LTLA commented 5 years ago

You can recover "corrected expression values" by multiplying the corrected PCs with the rotation vectors for the genes of interest. The output will not be sparse and the statistical properties of the corrected values are probably unpredictable, so I would only use them for visualisation, e.g., colouring points by or showing violin plots of expression. I wouldn't use them for further gene-based analysis.

whitleyo commented 5 years ago

Hi, for the purposes of differential expression perhaps something nonparametric like the Wilcoxon Rank Sum test might be appropriate? If I understand correctly, we're assuming that whatever was subtracted out in PCA space for fastMNN is a batch effect, and likewise any difference in gene expression that can be accounted for by these differences in PCA space.

LTLA commented 5 years ago

The distributional assumptions aren't the main problem. It's more about the difficulty of interpretation.

The most obvious effect is that the values are cosine-normalized, so you can't take the log-fold changes at face value. They simply don't reflect the actual log-fold changes anymore.

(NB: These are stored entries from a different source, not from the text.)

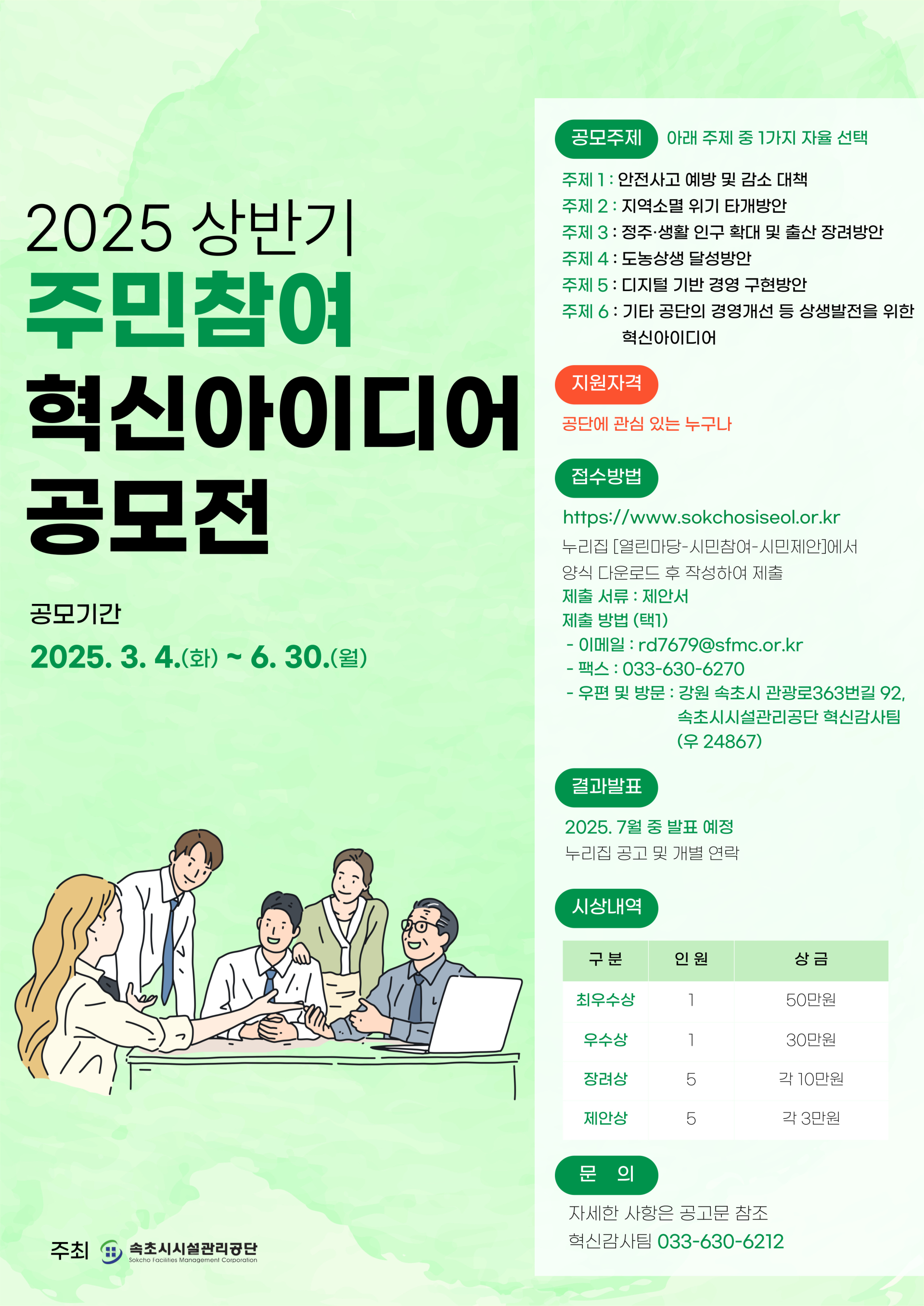 - 우편 및 방문 : 강원 속초시 관광로363번길 92, 속초시시설관리공단 혁신감사팀 (우 24867)
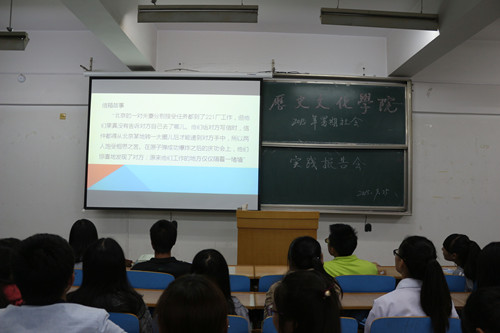 在报告会现场,欧博2015年暑期社会实践团队“探寻三江之源,聆听历史回音——青海地域文化考察实践团”的学生队员代表孙燕萍、罗安兵、崔志伟、姚孝平、卡毛吉、金倩等同学结合自身实践经历,向在场听众汇报了该实践团的实践内容和考察成果。
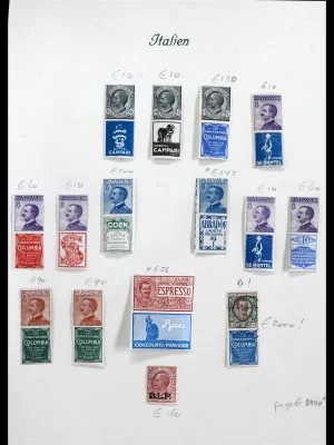 €900,00Complete gebruikte collectie zegels met reclame-aanhangsel, waarden 15c t/m 1 lire gebruikt in nette kwaliteit met alle hele dure zegels, op albumblad, in map. Sassone cat.w. 10.400 EURO!!
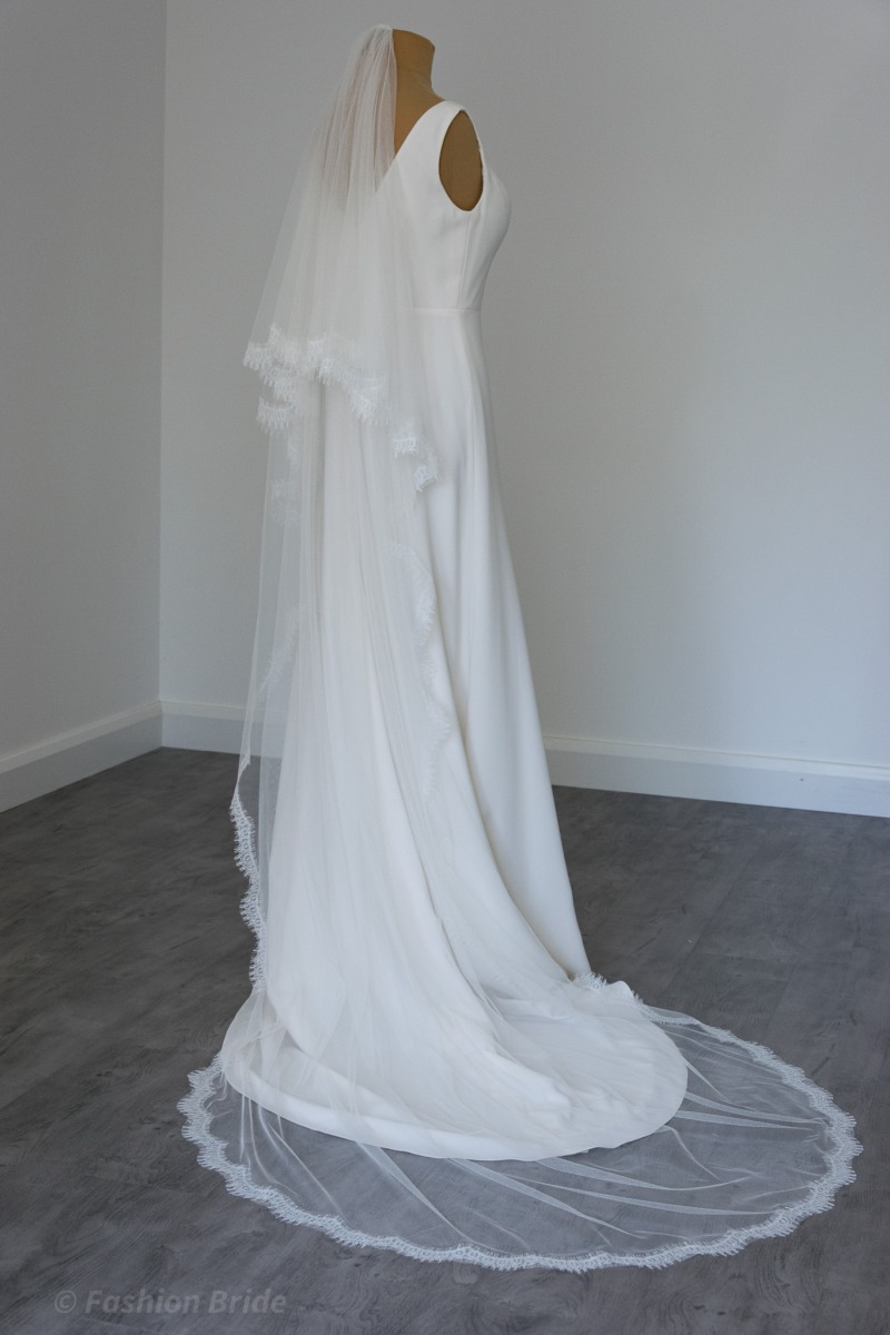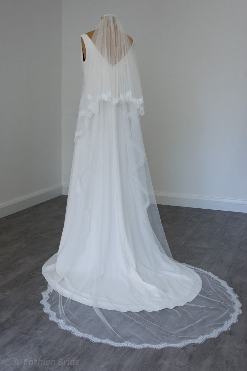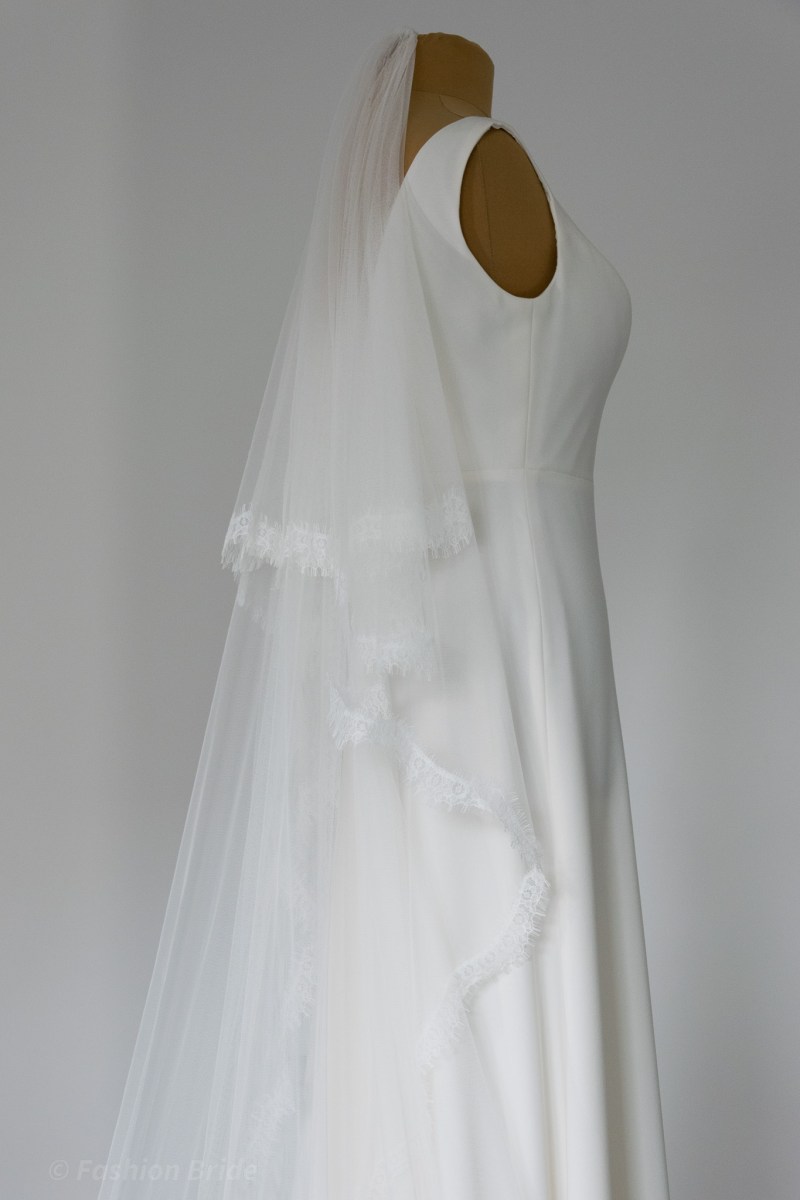 length: The design of the Veil is available in two most popular lengths 94”/ 240 cm Chapel Length Veil or 114” / 290 cm Cathedral Length Veil

However, this is only a symptom of the more subtle (but much more dangerous) effect - that the correction is not obliged to retain the relative differences in expression values between cells. The correction only really cares about the distances between cells, and if it has to massively distort a given gene's expression values to reduce the distances between different batches, it will do it.

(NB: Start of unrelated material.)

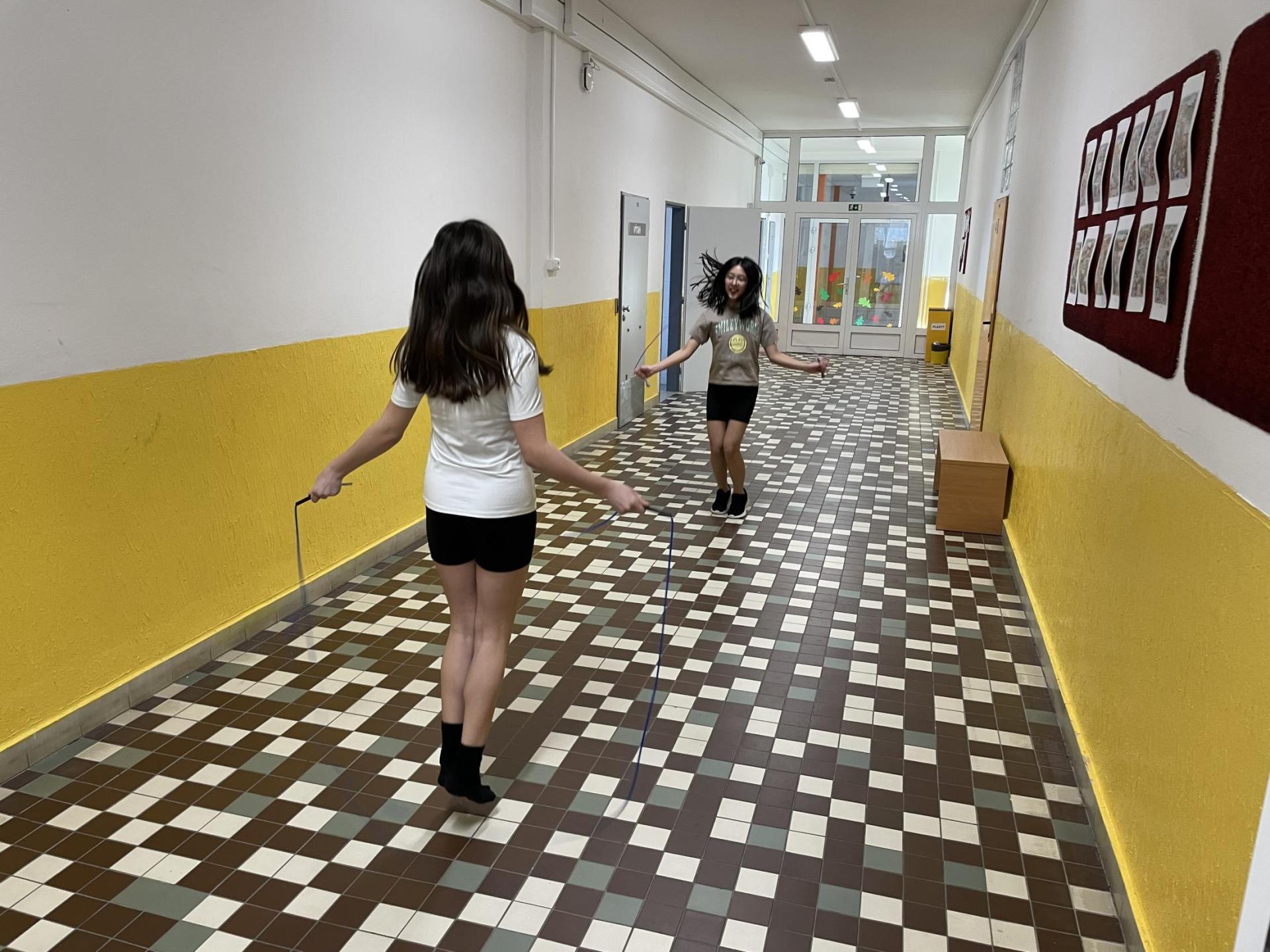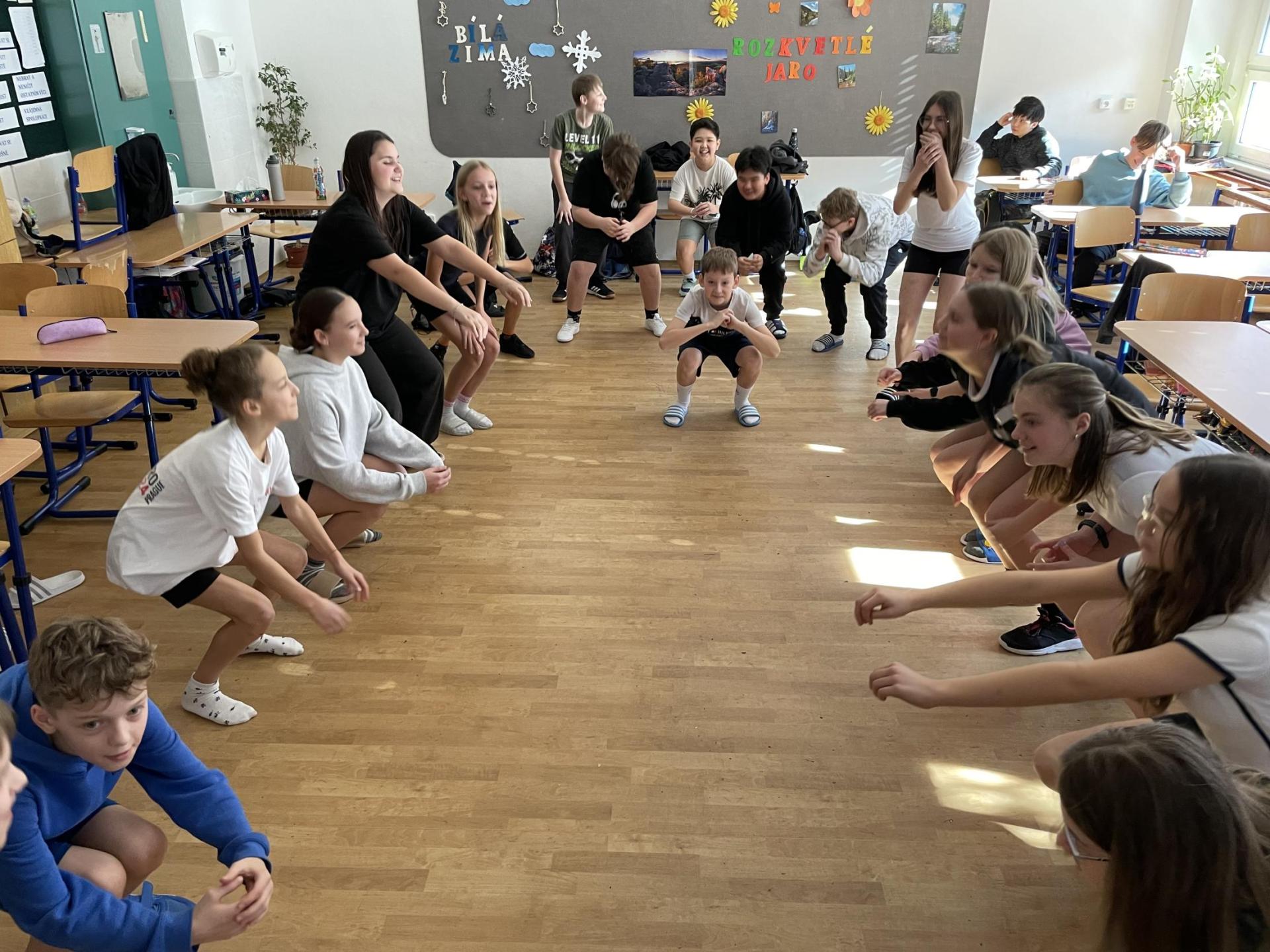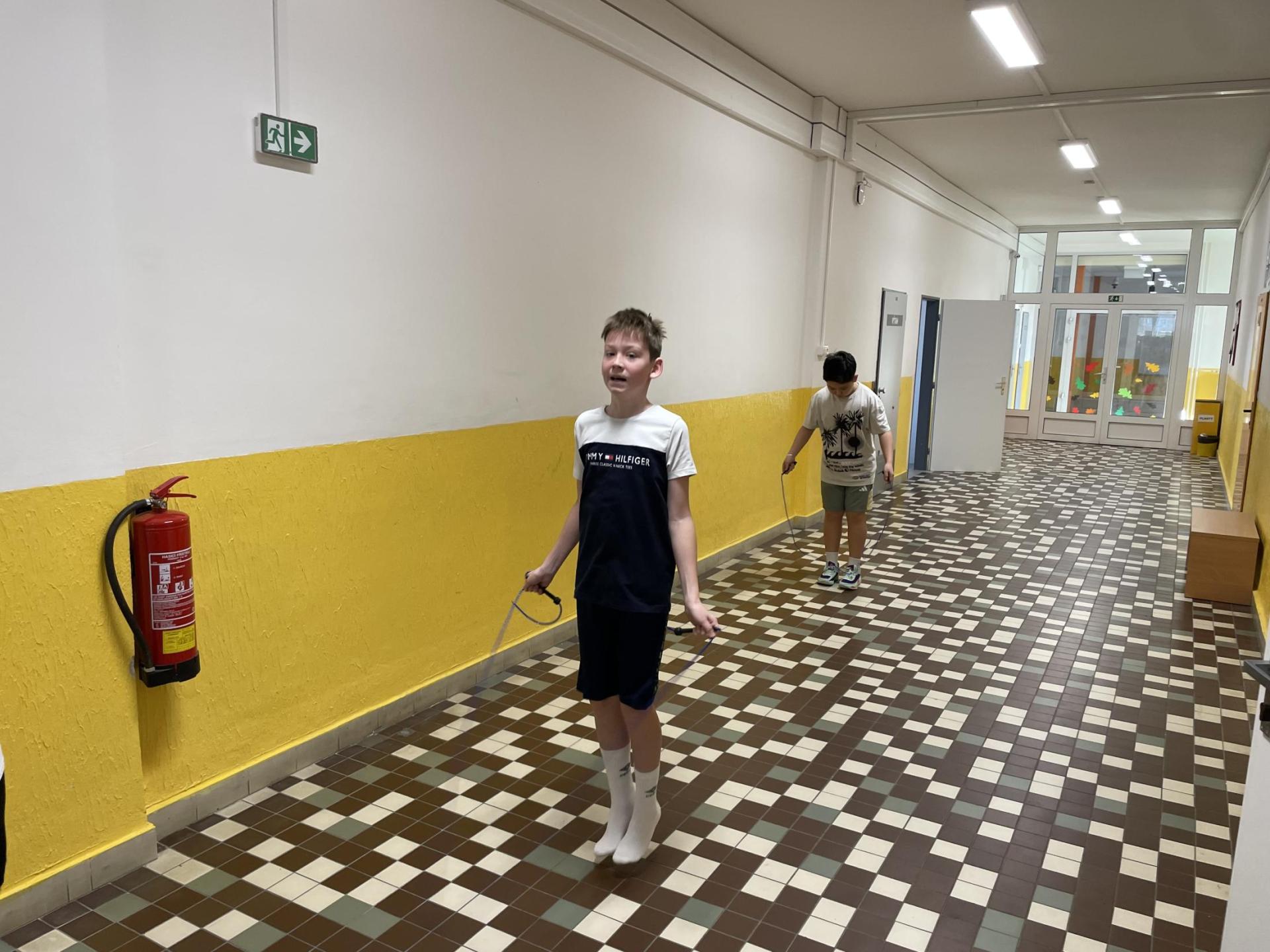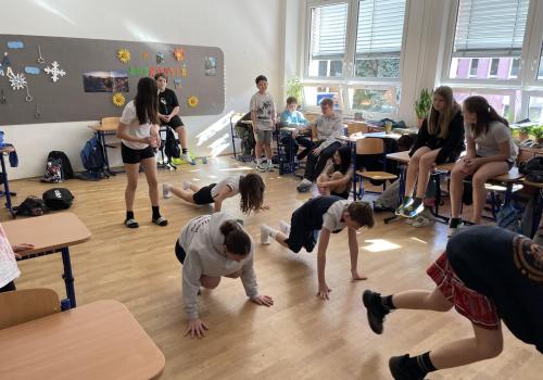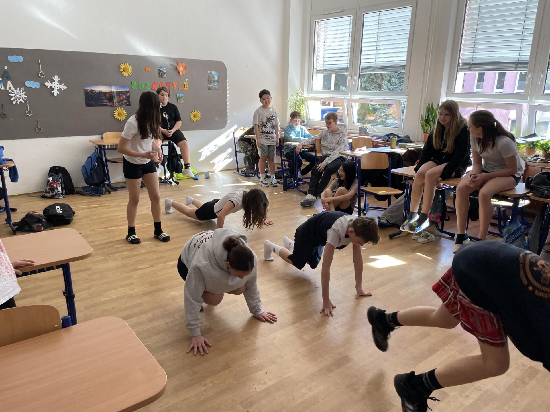 Následovala pohybová výzva, kterou plnili všichni žáci ze třídy (každý něco): 1200x dřepy, 1200x skok přes švihadlo, 1200x výpady, 800x angličáky, 1200x sedy-lehy, 1200x panák.

To illustrate, consider a dataset with two cell types, A and B. Consider another batch with the same cell types, denoted as A' and B'. Let's say that, for some reason, gene X is expressed in A but not in A', B or B'. Maybe that's due to some difference in how the cells were grown between batches, the exact reason doesn't matter. We then merge the batches together based on the shared cell types, which gives us a nice result where A and A' cells are nicely intermingled - so far so good.

Now, this is where the fun begins. If we corrected the second batch to the first, we must have coerced the expression values of gene X in A' to non-zero values in order to align with those of A, while leaving the expression of B' and B at zero. (Yes, I know fastMNN() works in low-dimensional space, so just imagine it in terms of undoing the rotation to recover corrected expression values.) So, lo and behold, we now have differential expression between A' and B' when it wasn't there before - magic!

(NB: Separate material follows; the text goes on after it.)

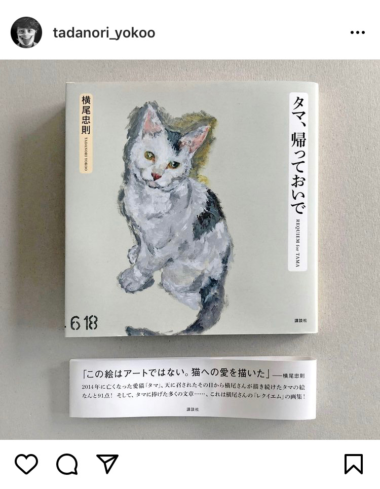 除此之外,橫尾忠則也依此系列作品推出一本《多摩回家》的圖文集,書中不僅收錄了91件作品,同時他本人也書寫了許多與Tama共同生活時的快樂回憶,以及失去後的孤獨感。因為對他來說,Tama是他的謬斯,是美好的化身,同時也代表著藝術家必須具備的所有性格。
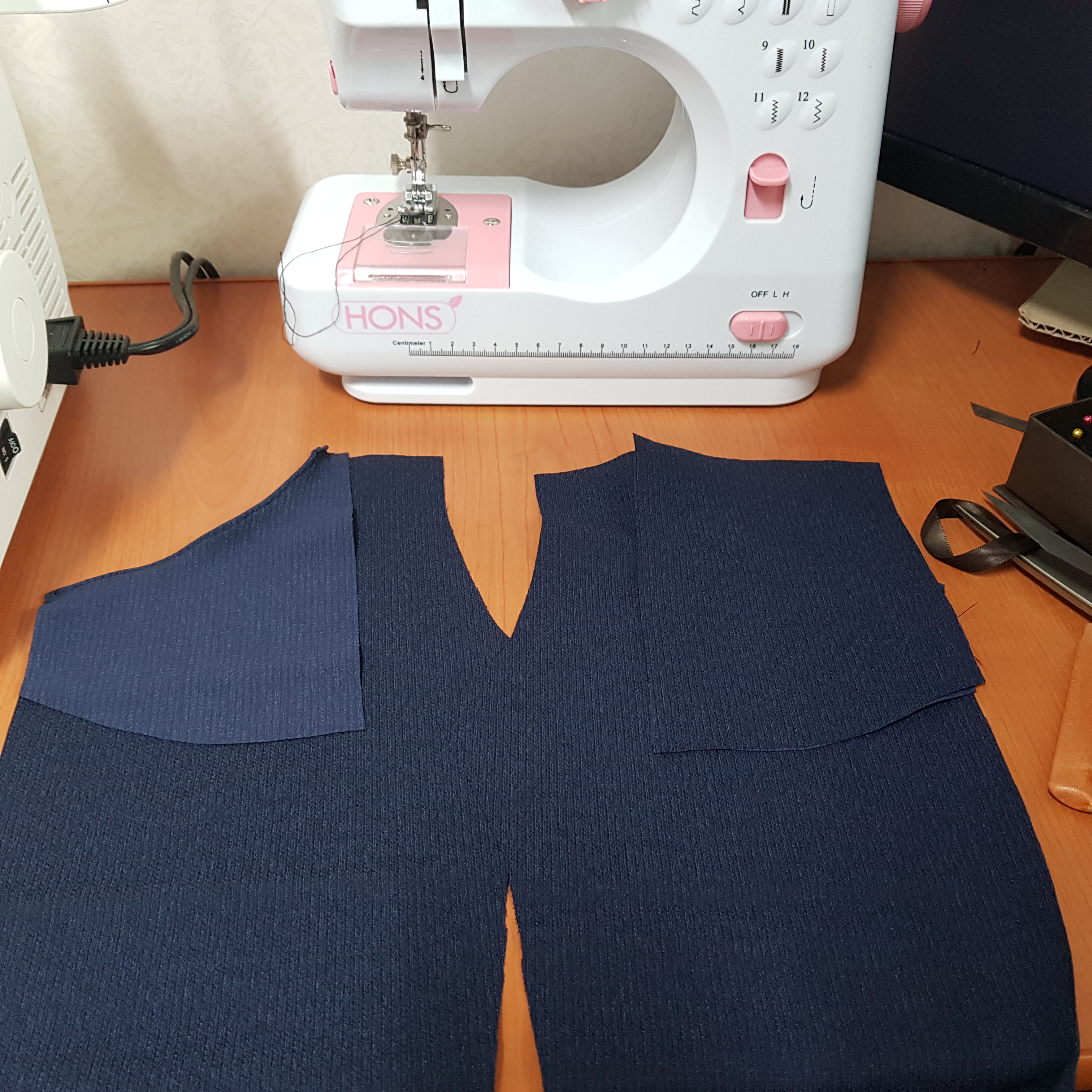 옆선을 재봉한다. 옆선도 재봉하기 전에는 길이가 맞지 않을 거 같지만 재봉하면 대충 길이가 잘 맞는다.

But maybe this doesn't matter, right? X was DE between A and B, so who cares if we introduced false DE between A' and B'? Well, it matters when you're trying to interpret the DE genes to identify the clusters. Let's say A contains activated CD8+ T cells, and A' contains their naive counterparts, and X is one of the activation markers. If we did the DE analysis on the corrected values, we would think - incorrectly - that activated cells exist in both batches. This would range from "meh" to "oh crap" depending on how much your conclusions depended on that. For example, if the first batch was drug-treated and the second batch was a control, you might think that the drug has no effect...

However, there's no need to take this risk! Just do the DE analysis on the uncorrected expression values, blocking on the batch. If there was any genuine DE between the identified clusters, it should hold up when you compare expression values within each batch. This is because the within-batch comparison is, by definition, free of batch effects; so if you still get DE there, you can be confident that the effect is not due to the batch effect or the correction procedure's attempts at removing it.